▶ [Try it]
Without the pictures, print the lines from the one holding "The Kylin 304" through the last line below, both included, exactly as they stand.

* * * *

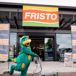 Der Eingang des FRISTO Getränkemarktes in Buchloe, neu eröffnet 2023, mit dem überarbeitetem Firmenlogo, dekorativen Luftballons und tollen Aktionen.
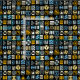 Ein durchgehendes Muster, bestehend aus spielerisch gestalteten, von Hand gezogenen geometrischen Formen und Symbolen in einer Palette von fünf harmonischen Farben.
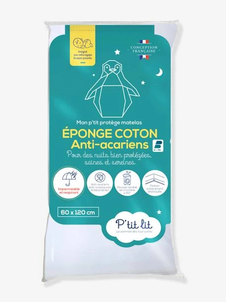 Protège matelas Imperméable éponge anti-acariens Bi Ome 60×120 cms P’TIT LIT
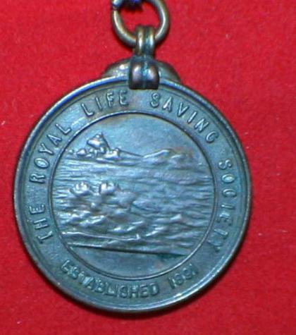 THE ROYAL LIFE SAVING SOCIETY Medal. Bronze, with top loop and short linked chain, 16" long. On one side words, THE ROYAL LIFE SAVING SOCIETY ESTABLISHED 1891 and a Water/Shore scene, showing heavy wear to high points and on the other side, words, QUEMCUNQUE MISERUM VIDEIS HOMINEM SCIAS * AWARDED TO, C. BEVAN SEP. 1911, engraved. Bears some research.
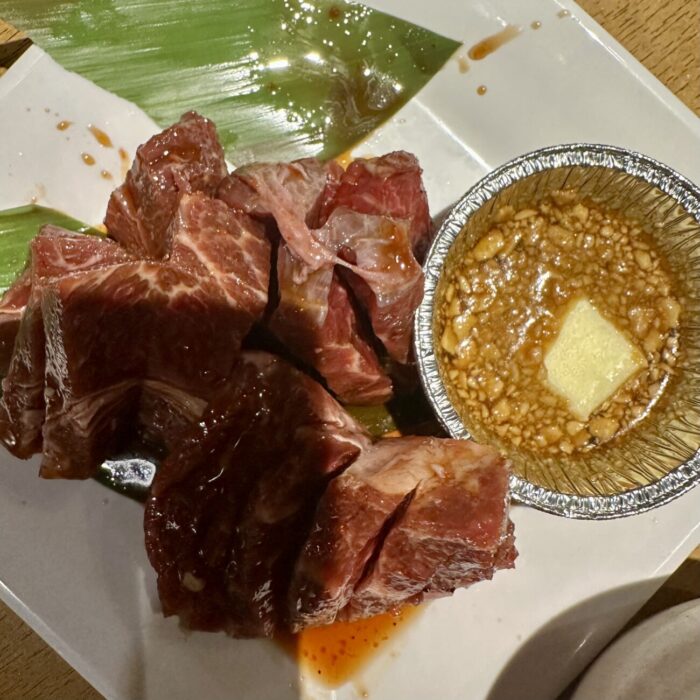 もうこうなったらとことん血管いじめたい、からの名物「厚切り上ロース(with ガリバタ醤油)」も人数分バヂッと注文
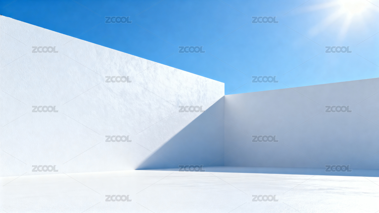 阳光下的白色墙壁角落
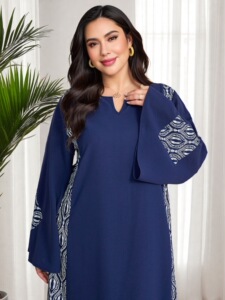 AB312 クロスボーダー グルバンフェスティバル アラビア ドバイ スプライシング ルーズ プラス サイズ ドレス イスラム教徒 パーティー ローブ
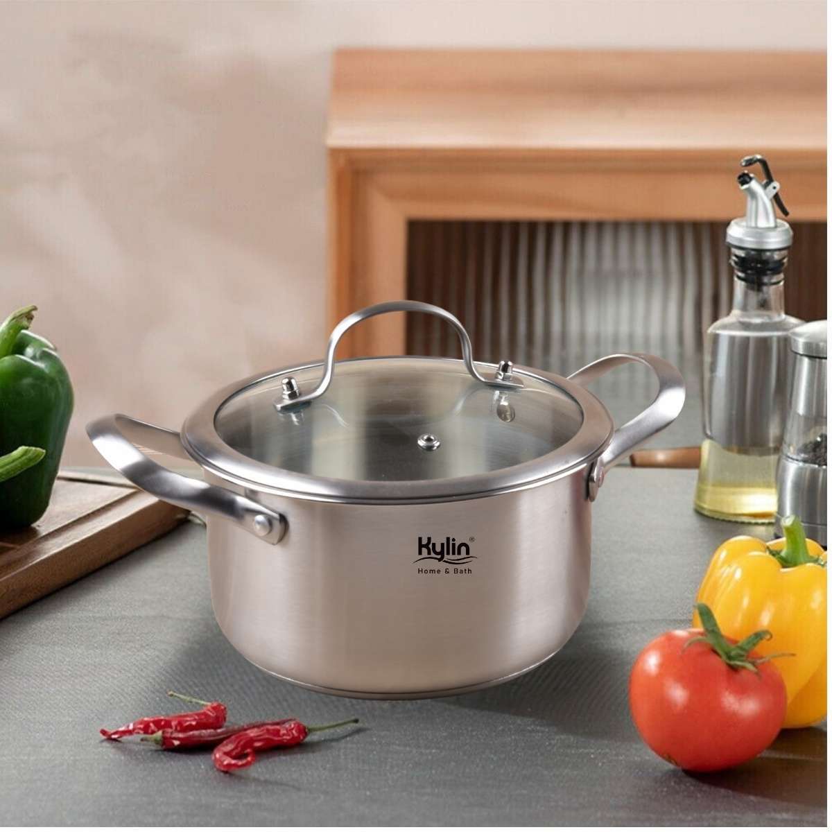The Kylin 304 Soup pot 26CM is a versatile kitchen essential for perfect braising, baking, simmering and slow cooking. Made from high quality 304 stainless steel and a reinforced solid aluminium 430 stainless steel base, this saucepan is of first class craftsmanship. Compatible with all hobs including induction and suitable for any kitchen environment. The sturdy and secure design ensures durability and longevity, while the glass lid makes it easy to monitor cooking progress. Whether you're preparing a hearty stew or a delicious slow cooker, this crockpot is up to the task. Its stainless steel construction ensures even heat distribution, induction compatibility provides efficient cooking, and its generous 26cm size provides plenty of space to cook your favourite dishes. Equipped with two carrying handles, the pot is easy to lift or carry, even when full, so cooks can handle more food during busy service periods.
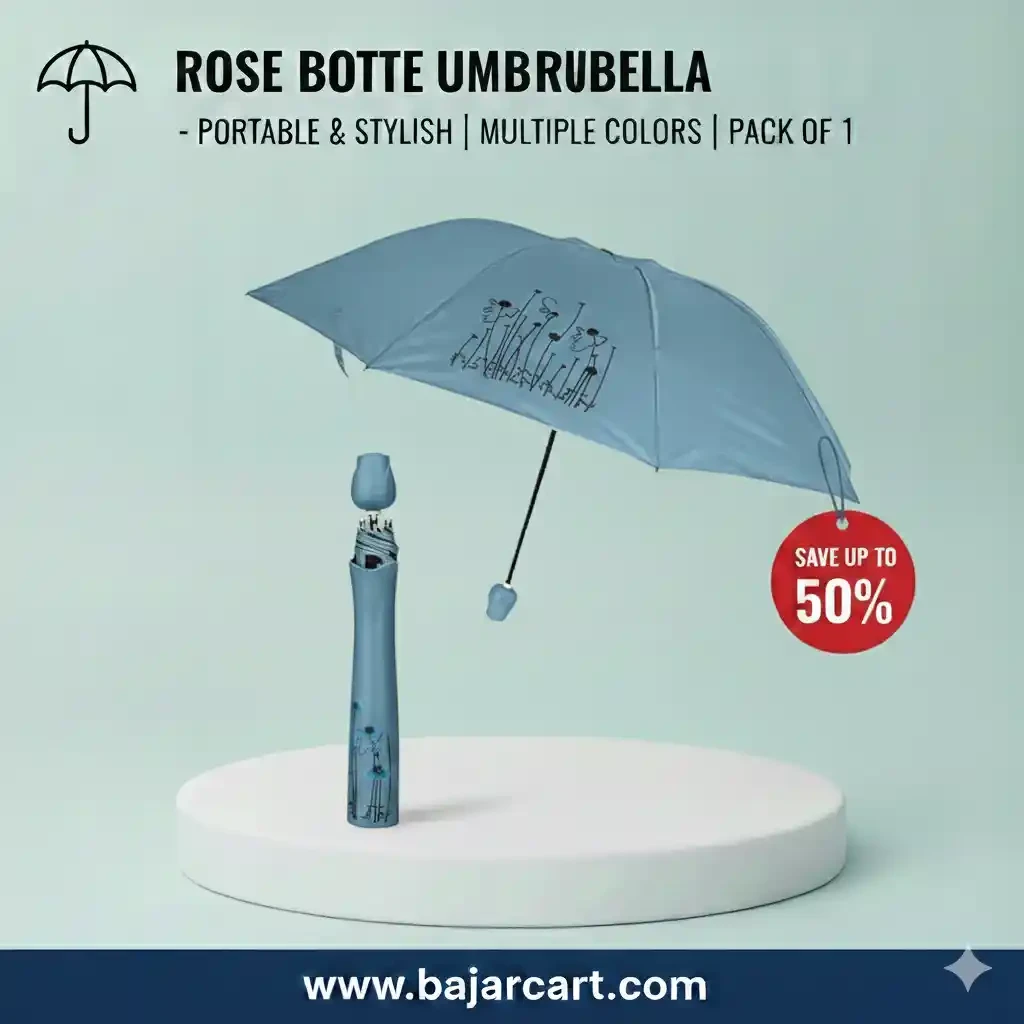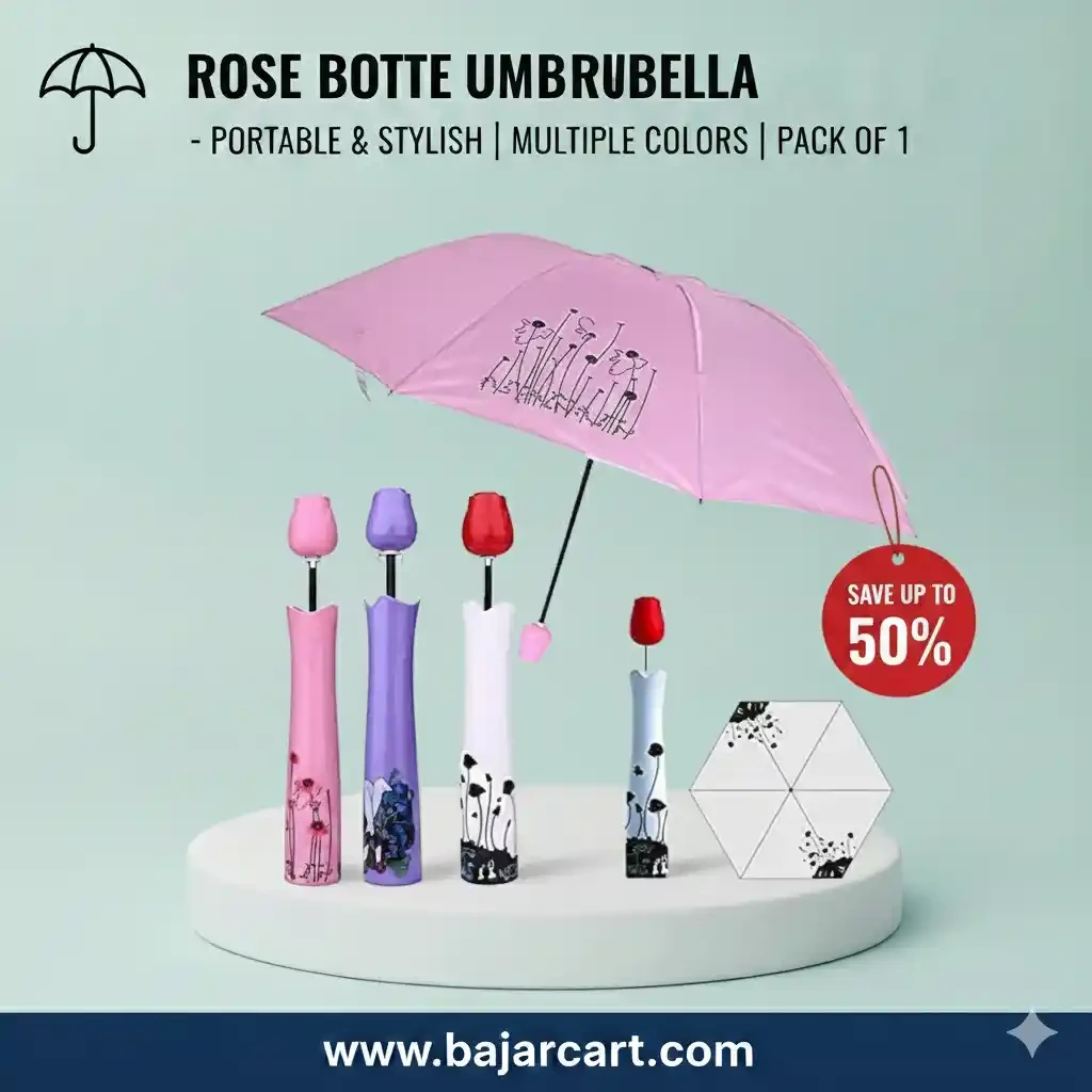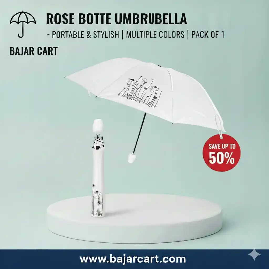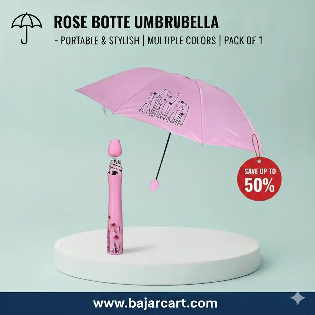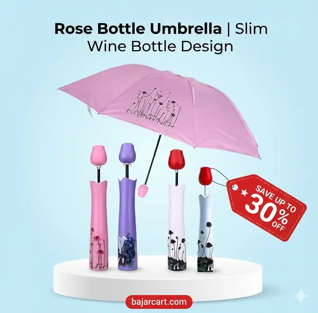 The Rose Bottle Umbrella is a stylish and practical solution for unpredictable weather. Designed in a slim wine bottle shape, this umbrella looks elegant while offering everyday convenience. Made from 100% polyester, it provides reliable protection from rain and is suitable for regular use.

* * * *

▶ [Expected answer]
The Kylin 304 Soup pot 26CM is a versatile kitchen essential for perfect braising, baking, simmering and slow cooking. Made from high quality 304 stainless steel and a reinforced solid aluminium 430 stainless steel base, this saucepan is of first class craftsmanship. Compatible with all hobs including induction and suitable for any kitchen environment. The sturdy and secure design ensures durability and longevity, while the glass lid makes it easy to monitor cooking progress. Whether you're preparing a hearty stew or a delicious slow cooker, this crockpot is up to the task. Its stainless steel construction ensures even heat distribution, induction compatibility provides efficient cooking, and its generous 26cm size provides plenty of space to cook your favourite dishes. Equipped with two carrying handles, the pot is easy to lift or carry, even when full, so cooks can handle more food during busy service periods.
 The Rose Bottle Umbrella is a stylish and practical solution for unpredictable weather. Designed in a slim wine bottle shape, this umbrella looks elegant while offering everyday convenience. Made from 100% polyester, it provides reliable protection from rain and is suitable for regular use.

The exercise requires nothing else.